● **DESCRIPTION OF THE TASK**: Type out the lines below exactly, pictures excluded.

● **MATERIAL PROVIDED**:
◇ ◇ ◇

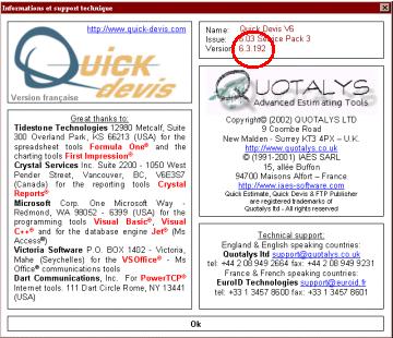 connaître le numéro de version précis de Quick Devis® appelez la fonction
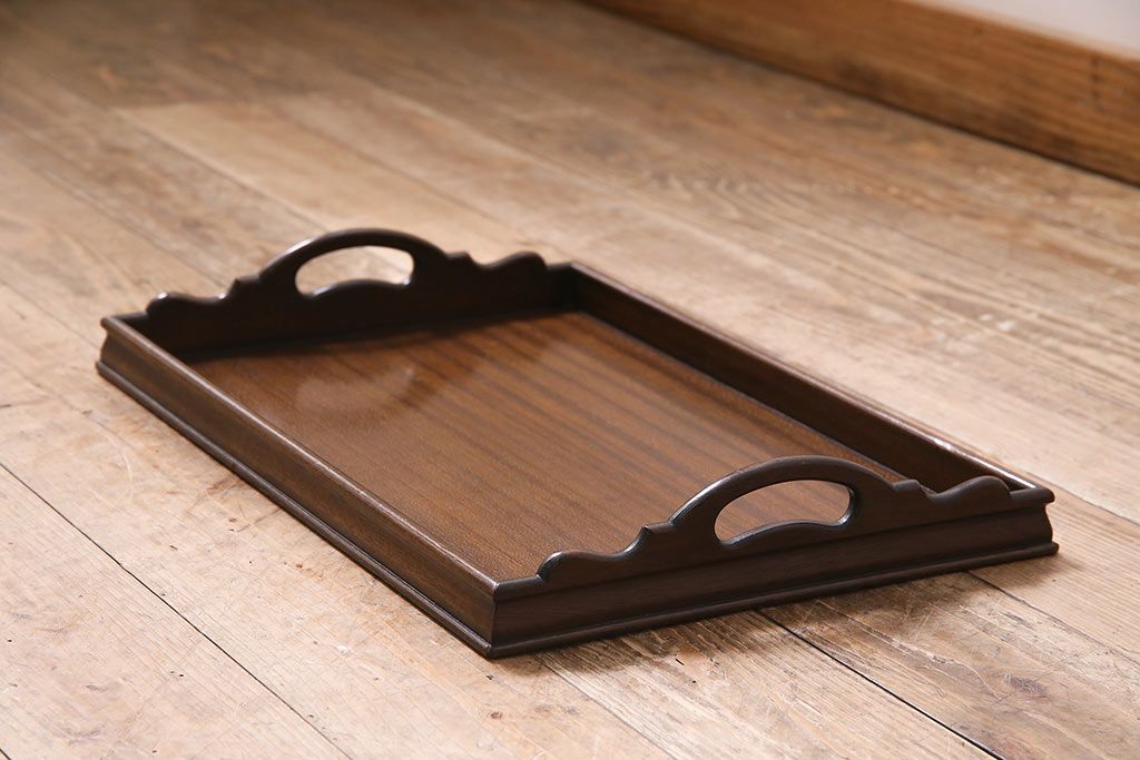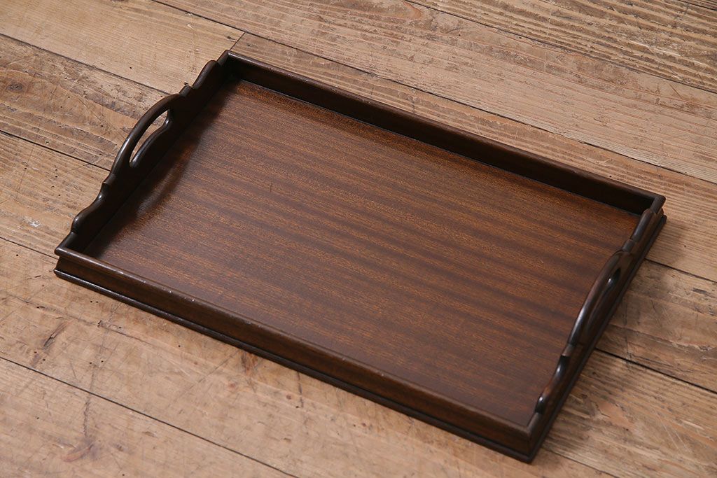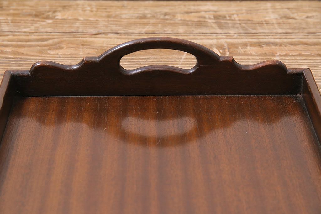 アンティーク雑貨 イギリスアンティーク マホガニー材 気品漂う木製トレー(小)(サービングトレイ、角盆、お盆)(R-045184)
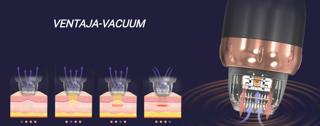 El vacío absorbe la piel y luego la punción libera energía, la energía se entrega de modo uniforme debido a la elasticidad de la piel.
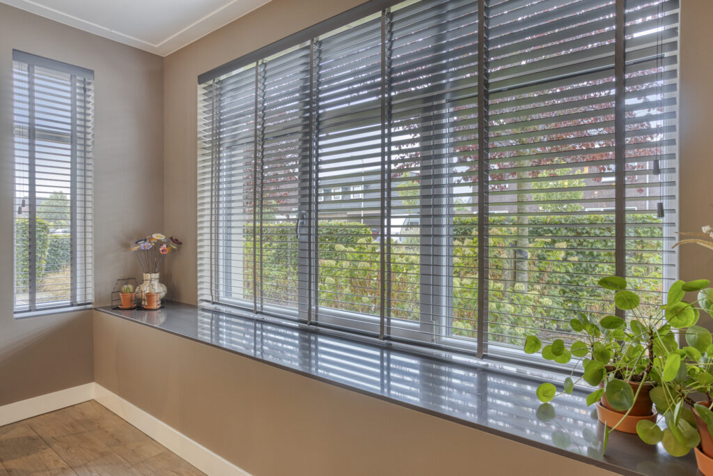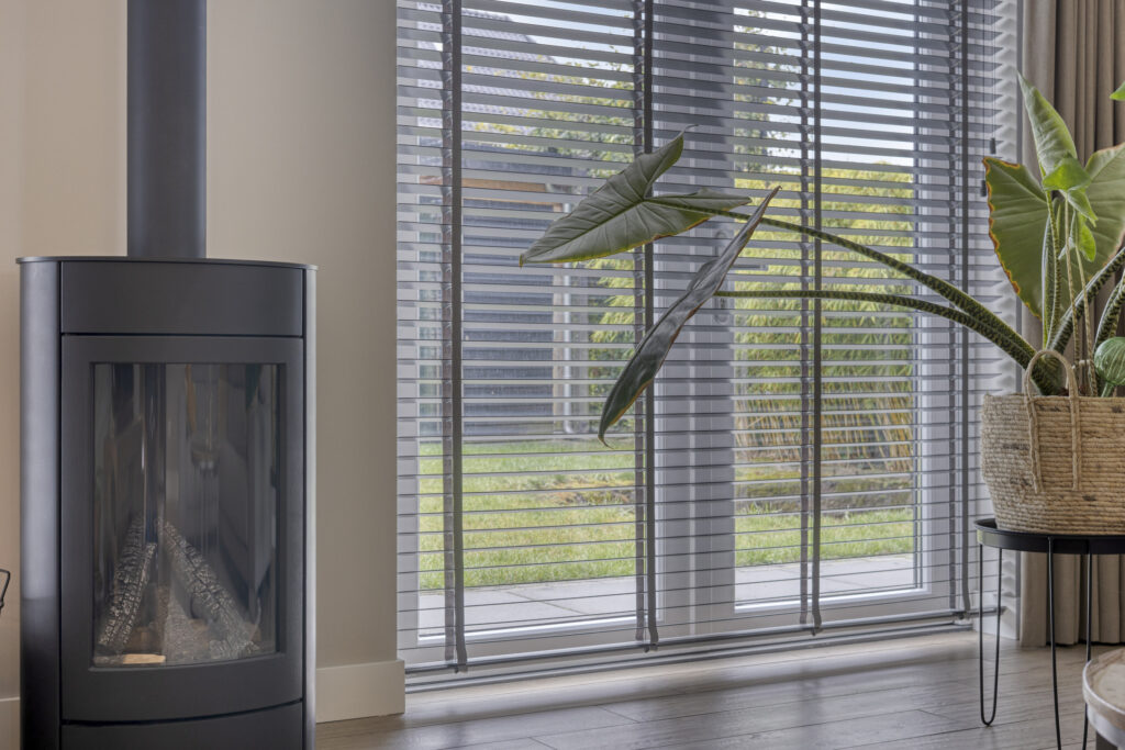 De verschillende ruimtes op de begane grond zijn met elkaar verbonden door glazen deuren met een strak zwart frame. Deze vormen een stijlvol geheel binnen het interieur en zorgen voor een open en lichte uitstraling. Alle wanden zijn voorzien van strak stucwerk. Ook de plafonds zijn strak gestuct en afgewerkt met een platte sierlijst.

◇ ◇ ◇

● **OUTPUT FOR THIS TASK**:
 connaître le numéro de version précis de Quick Devis® appelez la fonction
 アンティーク雑貨 イギリスアンティーク マホガニー材 気品漂う木製トレー(小)(サービングトレイ、角盆、お盆)(R-045184)
 El vacío absorbe la piel y luego la punción libera energía, la energía se entrega de modo uniforme debido a la elasticidad de la piel.
 De verschillende ruimtes op de begane grond zijn met elkaar verbonden door glazen deuren met een strak zwart frame. Deze vormen een stijlvol geheel binnen het interieur en zorgen voor een open en lichte uitstraling. Alle wanden zijn voorzien van strak stucwerk. Ook de plafonds zijn strak gestuct en afgewerkt met een platte sierlijst.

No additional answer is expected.